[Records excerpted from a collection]
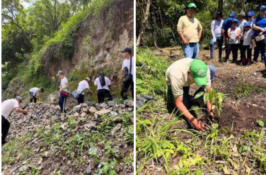
Foto 5 y 6: Personal guardarecursos reforestando y producción de plantas nativas en PNNU (fotos de julio 2024)

En julio, se establecieron las 5 hectáreas de reforestaciones en el parque, en los lugares que sufrieron incendios forestales.
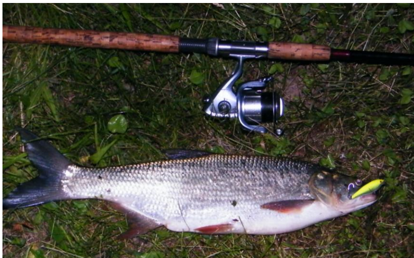
A „pelyhes balin”

veket, és folyóink talán visszakaphatják azt a „személyiségüket” - mint ökológiai állapotot - ami valóban jellemző rájuk, és ezáltal mind a természet, mind pedig a becsületes horgászok érdekeit kiszolgálhatják.
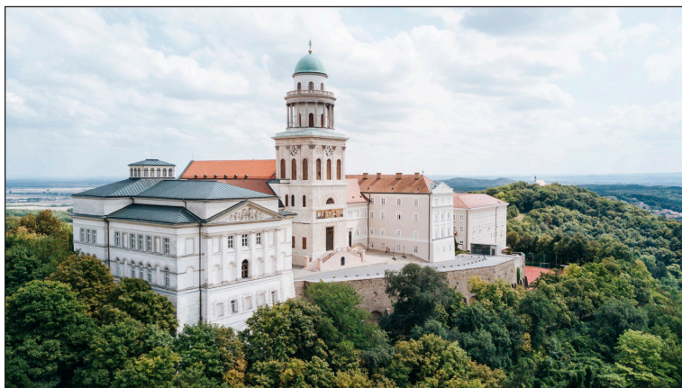
A Pannonhalmi Főapátsági Könyvtár épülete

A könyvtárosok, akik híresek arról, hogy nyitottak az újdonságokra, készek a tanulásra, kreatívan reagálnak a változásokra, nyugodt munkával és eredményesen végezték-folytatták munkájukat a pandémia ideje alatt.
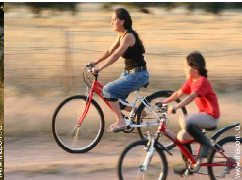
location de vélo/VTT
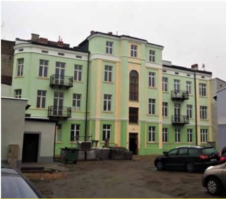
ul. 3 maja 30
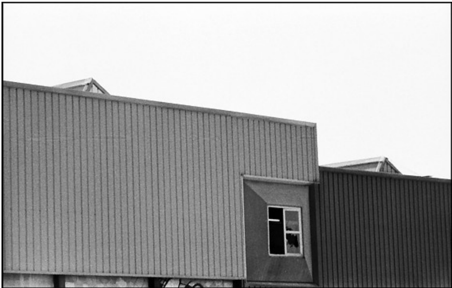
“VERTICALI” Print on cotton paper
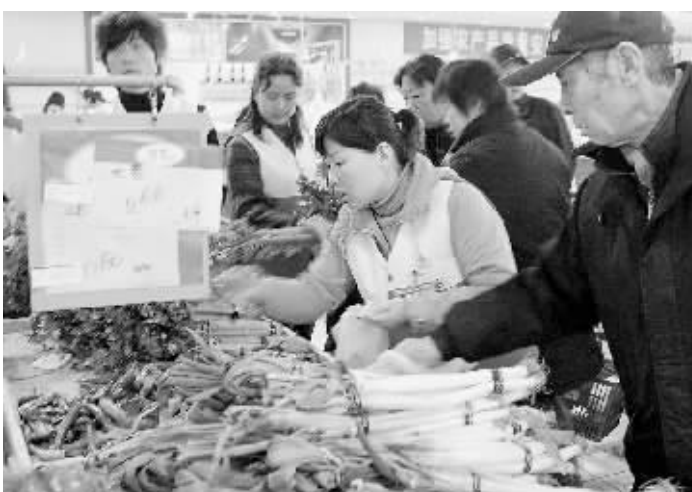
金海农贸市场从大学路搬迁到长江路后,方便了新城区附近居民生活。

同期,新增基金开户数为105万户,新发行的基金被踊跃认购一空,仅上两周新成立的基金就有700多亿元的待建仓资金,令股市下调空间有限。 不过,此间有不少证券分析师对后市发展持审慎态度。招商证券研发中心研究员景志钟表示,19日反弹走势能否持续,还有待观察。他认为,内地股市的估值水平目前仍远高于国际水平,使得股市短期向上突破会遇到很大的阻力。有的分析员也指出,近期快速拉升之后,一些劣质品种的股价已显著高估,非蓝筹股的整体市盈率近期提升很快,许多个股市盈率已高达60倍以上,将踏上价值回归之路。 还有分析员指出,股改后许多上市公司里的“小非”股东(指持股比例小于5%的原非流通股)和“大非”股东(指持股比例大于5%但不控股的原非流通股)正取得流通股,大非小非减持近期成风,对股市上行构成了沉重的压力。据估计,今年将有881亿多股来自“小非”和“大非”的限售股进入二级市场流通。所以,他们认为深沪股市短期难改箱形盘整的格局。 新华社深圳3月19日专电
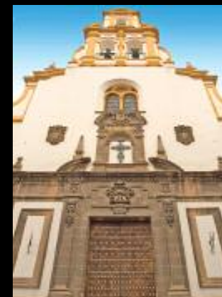
Acuerdo con Iglesia Parroquial de Santa Cruz de Sevilla, para la iluminación del templo parroquial.
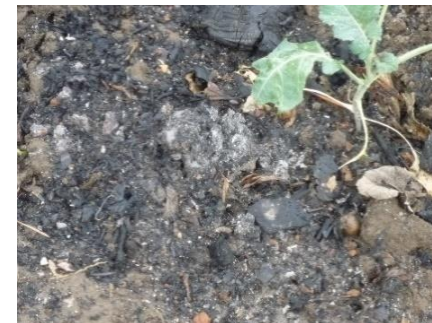
酸度土壌調整。苦土より効果の 高い”草木灰”を利用してます
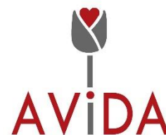
Avida Asociación de Víctimas del Amianto
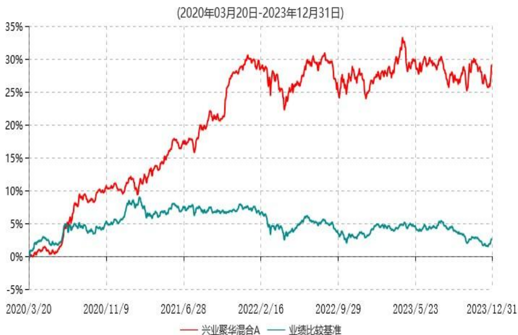
兴业聚华混合A累计净值增长率与业绩比较基准收益率历史走势对比图
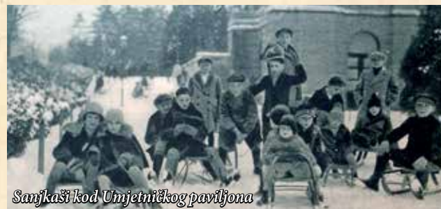
Sanjkaši kod Umjetničkog paviljona

O hirovitosti zagrebačkih zima i neizvjesnosti za gradske sanjkaše i skijaše doznajemo iz novinskog napisa objavljenog u veljači 1934:
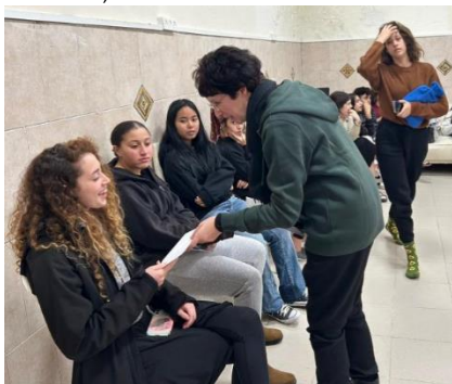
50 meiden uit het meisjeshuis uit Sa'ad werden geëvacueerd

De organisatie die we al jarenlang steunen, heeft een noodfonds opgericht en de medewerkers blijven fysiek en telefonisch in contact met alle betrokkenen bij de verschillende projecten. De inwoners (die de aanslagen overleefd hebben) aan de grens met Gaza waar Yad L'Ami vele projecten heeft, zoals therapeutische hulp voor jonge kinderen, tieners en jonge gezinnen, zijn geëvacueerd naar verschillende plaatsen in Israël.). Zoveel mogelijk worden deze mensen op hun tijdelijke verblijfplaats bezocht. Ook de steeds ouder wordende groep Holocaust overlevenden is uiterst kwetsbaar. Velen vereenzamen en kijken uit naar de bezoeken en hulp van medewerkers van Yad L'Ami ( www.yadlami.com )

**What you should do**: Please count the lines in the data that include the word "julio" and report the number by itself.

**Result of this task**: 2